少女小説」とは、どんなジャンルなのか…どんな変遷を辿ってきたのか…、それを知るために役立つのが、この本です。
 
コバルト文庫で辿る少女小説変遷史
嵯峨 景子
彩流社
2016-12-28

  
タイトルに「コバルト文庫」と、特定のレーベルが入り込んでしまっていますが…
 
「コバルト文庫」が「中心」というだけであって、それ以外の文庫にも、ちゃんと触れています
 
それどころか、コバルト文庫以前の「ジュニア小説」や「少女小説前史」についても触れられています。
 
ラノベBLボカロ小説についても触れられています。)
 
扱っているのが少女小説とは言え、「研究書」のような趣の本ですので、字は細かく、だいぶ内容が厚いです。
 
「ざっと知りたい」「ライトに知りたい」という方向けではなく、かなりガッツリ傾向分析や研究をしたい方向けだと思います。
 
ただし、それゆえにガッツリ学びたい派の方にとっては「1家に1冊置いておきたい」ような本になっています。
 
何せ、解説のみならず、様々な「資料」が付属しているのです。
 
コバルト文庫と他の文庫の年間出版点数(刊行点数)の比較グラフですとか、コバルト文庫のみならず、他のレーベルの新人賞の受賞作一覧ですとか、コバルト文庫の歴史が一目で分かるイラスト入りの「年表」ですとか…。
 
本文に関しても、情報ソースがかなり細かく記されていますので「もっと詳しく知りたい」方に重宝すると思います(参考文献については、参考にした情報の掲載ページまで記載されています)。
 
(その参考文献を実際に入手できるかどうかは別問題でしょうけど…。特に小説雑誌のバックナンバーなどは…。
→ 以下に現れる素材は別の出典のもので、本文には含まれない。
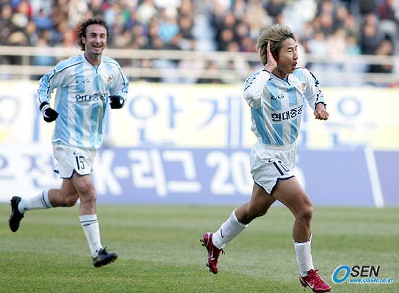 27일 문학 월드컵경기장서 벌어진 2005 삼성 하우젠 K리그 챔피언결정전 1차전 인천 유나이티드와 울산 현대의 경기 후반 이천수가 5-0을 만드는 해트트릭에 성공하고 귀에 손을 갖다대는 세리머니를 펼치는 뒤로 선제골 등 2골을 넣은 마차도가 따르고 있다./인천=손용호 기자 spjj@osen.co.kr [Copyright ⓒ OSEN(www.osen.co.kr) 무단전재 및 재배포 금지]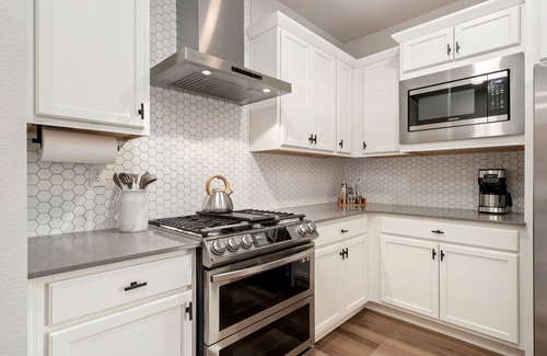 KITCHEN: Fully-equipped chef’s kitchen with stainless steel appliances, dishwasher, microwave, breakfast bar with seating, cooking basics, dishware/flatware, spices, complimentary coffee, creamer, tea and sweetener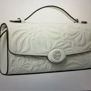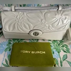 Tory Burch Robinson Embossed Floral Bag Blanc Leather New $340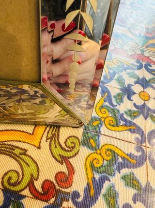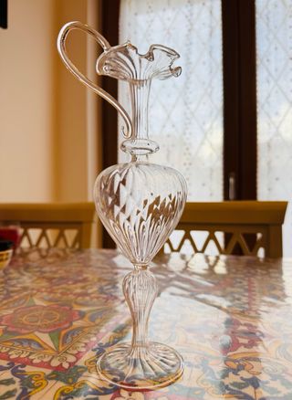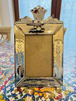 Elegante cornice portafoto in vetro di Murano, con decorazioni finemente incise. - Design raffinato con dettagli floreali. - Cornice in vetro trasparente e argentato. - Ideale per dare un tocco di classe alla tua casa. Piccola rottura nell’angolo a destra e macchia nera per antichità come evidenziato in foto.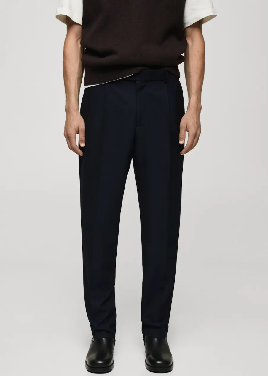 Slim-fit. Detal z zakładkami. Zaprasowany kant z przodu i z tyłu. Zapięcie z przodu na guzik, haftkę i zamek. Szlufki na pasek. Tylna kieszeń wpuszczana zapinana na guzik. Model ma 185 cm wzrostu i nosi rozmiar 42. Tkanina gładka. Materiały z recyklingu. Dwie wpuszczane kieszenie boczne.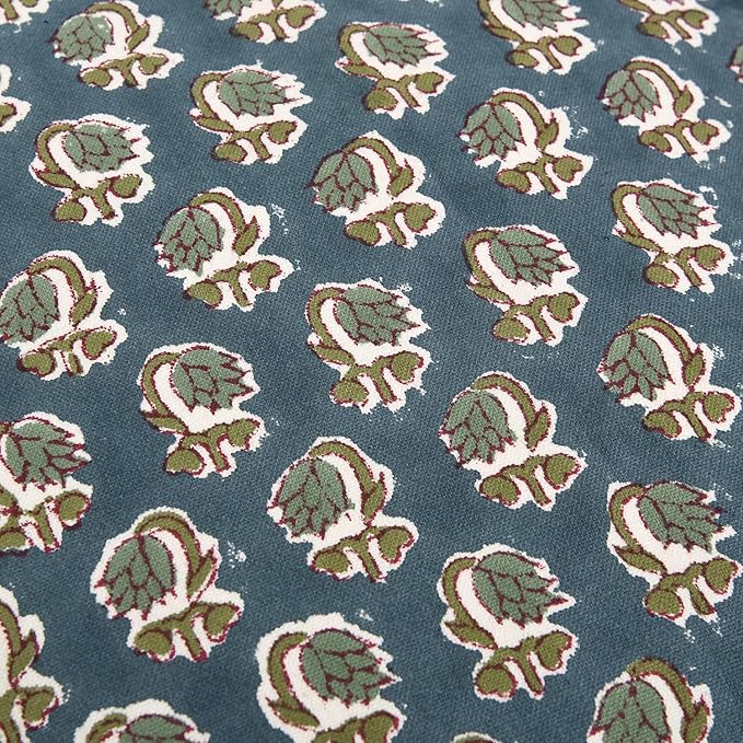 Ridhi Light Steel Blue Block Print Cotton Throw Pillow Covers for Decorative Couch Pillows for Living Room, Chic Boho Cute Outdoor Valentine Pillows Covers Gifts 16x16 Inches -

)
 
また、ただ「人気作品の傾向移り変わり」のみならず、「読者の声反応」も取り上げてくれているので、より「深く」少女小説の変遷を知ることができます。
 
読んでいて興味深かったのは「熱狂的ブームにも衰退はある」こと、「流行の後には『揺り戻し』がある」ということ。
 
そして、こうしたティーンズ向けレーベルの読者は「作家よりもシリーズに付く」傾向がある、ということです。
 
初版刊行が2016年のため、「最新の傾向(特に、昨今のネット発小説の隆盛)」については、さすがに語られていないのですが…
 
「姫嫁」ジャンルの成長など、現在の恋愛ファンタジーの流行(異世界か中世ファンタジー風世界が舞台で、姫や令嬢が主人公の恋愛もの)にも通じる傾向が読み取れたりと、勉強になることはかなり多いです。
 
ちなみに管理人本人も、コバルト文庫は結構読んだことがあります。
 
中学の学級文庫に少しあったのと、地元図書館のヤングアダルトコーナーにコバルト文庫が数多く取り揃えられていたので、同じく豊富に取り揃えられていた講談社X文庫や角川スニーカー文庫、富士見ファンタジア文庫などと一緒に読み漁っていました。
 
たぶん、リアルタイムの新刊などではなく、少し古めなシリーズだったのですが…(ファンタジー小説全盛期くらい?)
 
コバルト文庫が「少女向け」レーベルだということにさえ気づけないくらい、男主人公もガッツリ出てきたり、内容も恋愛中心なものばかりではなく、ミステリあり、SFあり、冒険あり、現代のサイキックものもありだったりして、「多様性(バラエティー)があって面白い」と思っていました。
 
(ちなみに十二国記シリーズロードス島戦記シリーズも、同じ棚に並んでいました。)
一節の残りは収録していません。